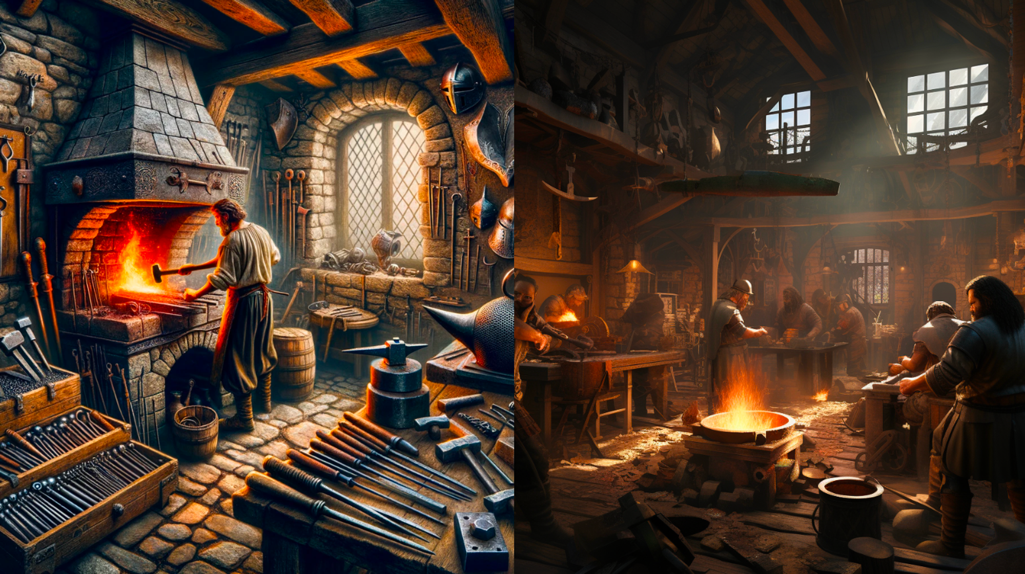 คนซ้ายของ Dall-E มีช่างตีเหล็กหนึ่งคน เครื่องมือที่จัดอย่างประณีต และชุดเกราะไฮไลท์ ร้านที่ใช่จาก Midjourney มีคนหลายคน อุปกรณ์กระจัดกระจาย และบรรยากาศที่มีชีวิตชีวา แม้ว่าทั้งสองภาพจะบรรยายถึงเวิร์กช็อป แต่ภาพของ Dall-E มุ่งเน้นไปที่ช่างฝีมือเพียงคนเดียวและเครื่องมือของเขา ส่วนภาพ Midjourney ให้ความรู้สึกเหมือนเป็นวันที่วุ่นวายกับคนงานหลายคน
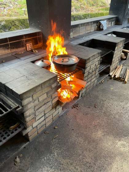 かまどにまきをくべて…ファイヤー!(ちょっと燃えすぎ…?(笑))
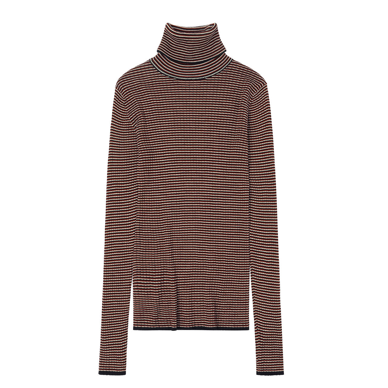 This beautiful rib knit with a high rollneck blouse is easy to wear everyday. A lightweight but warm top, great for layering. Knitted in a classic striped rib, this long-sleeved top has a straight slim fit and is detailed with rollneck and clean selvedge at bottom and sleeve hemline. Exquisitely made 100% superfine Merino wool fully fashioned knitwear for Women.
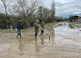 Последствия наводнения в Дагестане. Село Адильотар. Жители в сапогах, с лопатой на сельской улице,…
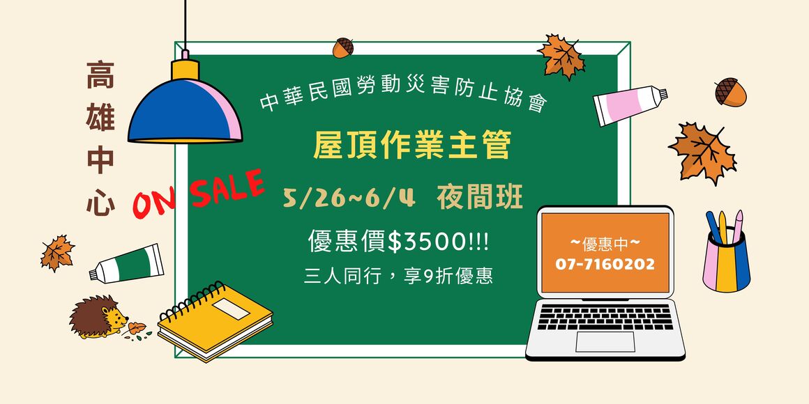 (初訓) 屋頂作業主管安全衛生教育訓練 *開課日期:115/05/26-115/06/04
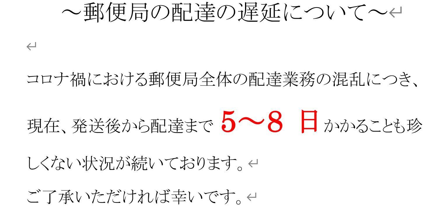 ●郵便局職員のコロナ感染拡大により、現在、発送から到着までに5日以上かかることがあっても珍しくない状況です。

▸ **WHAT THE EXERCISE ASKS**
Please print out the entries above exactly. The pictures stay out.

▸ **TASK RESULT**
 คนซ้ายของ Dall-E มีช่างตีเหล็กหนึ่งคน เครื่องมือที่จัดอย่างประณีต และชุดเกราะไฮไลท์ ร้านที่ใช่จาก Midjourney มีคนหลายคน อุปกรณ์กระจัดกระจาย และบรรยากาศที่มีชีวิตชีวา แม้ว่าทั้งสองภาพจะบรรยายถึงเวิร์กช็อป แต่ภาพของ Dall-E มุ่งเน้นไปที่ช่างฝีมือเพียงคนเดียวและเครื่องมือของเขา ส่วนภาพ Midjourney ให้ความรู้สึกเหมือนเป็นวันที่วุ่นวายกับคนงานหลายคน
 かまどにまきをくべて…ファイヤー!(ちょっと燃えすぎ…?(笑))
 This beautiful rib knit with a high rollneck blouse is easy to wear everyday. A lightweight but warm top, great for layering. Knitted in a classic striped rib, this long-sleeved top has a straight slim fit and is detailed with rollneck and clean selvedge at bottom and sleeve hemline. Exquisitely made 100% superfine Merino wool fully fashioned knitwear for Women.
 Последствия наводнения в Дагестане. Село Адильотар. Жители в сапогах, с лопатой на сельской улице,…
 (初訓) 屋頂作業主管安全衛生教育訓練 *開課日期:115/05/26-115/06/04
 ●郵便局職員のコロナ感染拡大により、現在、発送から到着までに5日以上かかることがあっても珍しくない状況です。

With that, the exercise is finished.